Is it really good for small children to go to nursery/childminder?

123 replies

Londonmamabychance · 18/10/2016 11:44

This morning, as I dropped of my 2-year-old, she cried. As I waved 'bye, bye' to her and went for the door, she burst out in the saddest cry, and was immediately given a cuddle from her favourite nursery worker, who held her close and comforting in her arms. What stuck with me most after I left the nursery was the type of cry: It wasn't the angry and surprised cry of a child who's not used to being left with other adults by its mum, it was the sad and knowing cry of a child who knows that yet again, mummy is leaving, and I will spend the whole day away from her.
And so I wondered for the millionth time: Am I doing the right thing, working four days a week and leaving her at nursery from 8.30 - 5.30? Yes, it is an absolutely wonderful nursery, all the staff are loving and well educated and its Ofsted outstanding. DD clearly enjoys being with her little friends and talks about them all the time, and enjoys all the activities they do at nursery. And she does not cry every day she is dropped off, most often her dad drops her off and she cries only on very rare occasions when he drops her off.
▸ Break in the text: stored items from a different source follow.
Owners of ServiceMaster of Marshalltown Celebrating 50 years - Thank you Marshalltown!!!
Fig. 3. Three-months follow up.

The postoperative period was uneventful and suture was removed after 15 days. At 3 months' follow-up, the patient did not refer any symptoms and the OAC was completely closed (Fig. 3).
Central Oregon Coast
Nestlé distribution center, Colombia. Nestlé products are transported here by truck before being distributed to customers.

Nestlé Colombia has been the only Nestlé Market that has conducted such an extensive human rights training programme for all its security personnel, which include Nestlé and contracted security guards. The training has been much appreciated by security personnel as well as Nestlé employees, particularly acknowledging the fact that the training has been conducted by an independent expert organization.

And she is always bright and happy when I come to pick her up.
But wouldn't she be happier, and thrive more, if she spend more time - maybe even all her time - with her mum or dad, being taken to play groups and play dates regularly? I know that for us, at the moment, it is a hypothetical question. We cannot afford for me to stop working, and with a new baby arriving in two months’ time, I will need her to go to nursery at least some days for a while, as I settle in with the new baby, having no family or close friends around who can help out.
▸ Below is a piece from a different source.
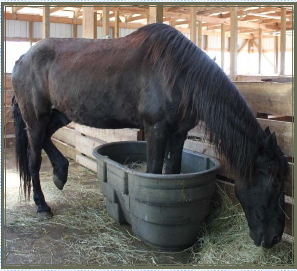
Prairie often stood in his hay feeder, threw the hay out and then ate it off the stall mats. At times he would have all four feet in his hay feeder!

Secondly, I do enjoy working and succeeding professionally, and part of me thinks it's important to show DD that it is possible to be a working mum, that is not so that women must do all the childcare while the men make the money. That there’s a point in her doing well in school. Ideally, I would like both DH and I to work part time, so that we could share the childcare 50/50, but as his salary is double of mine, that is not financially possible.
But honestly, are we doing the best for our children when we put them in childcare, so that we can go to work? Or are we depriving them of spending time with the people who love them the most, their parents?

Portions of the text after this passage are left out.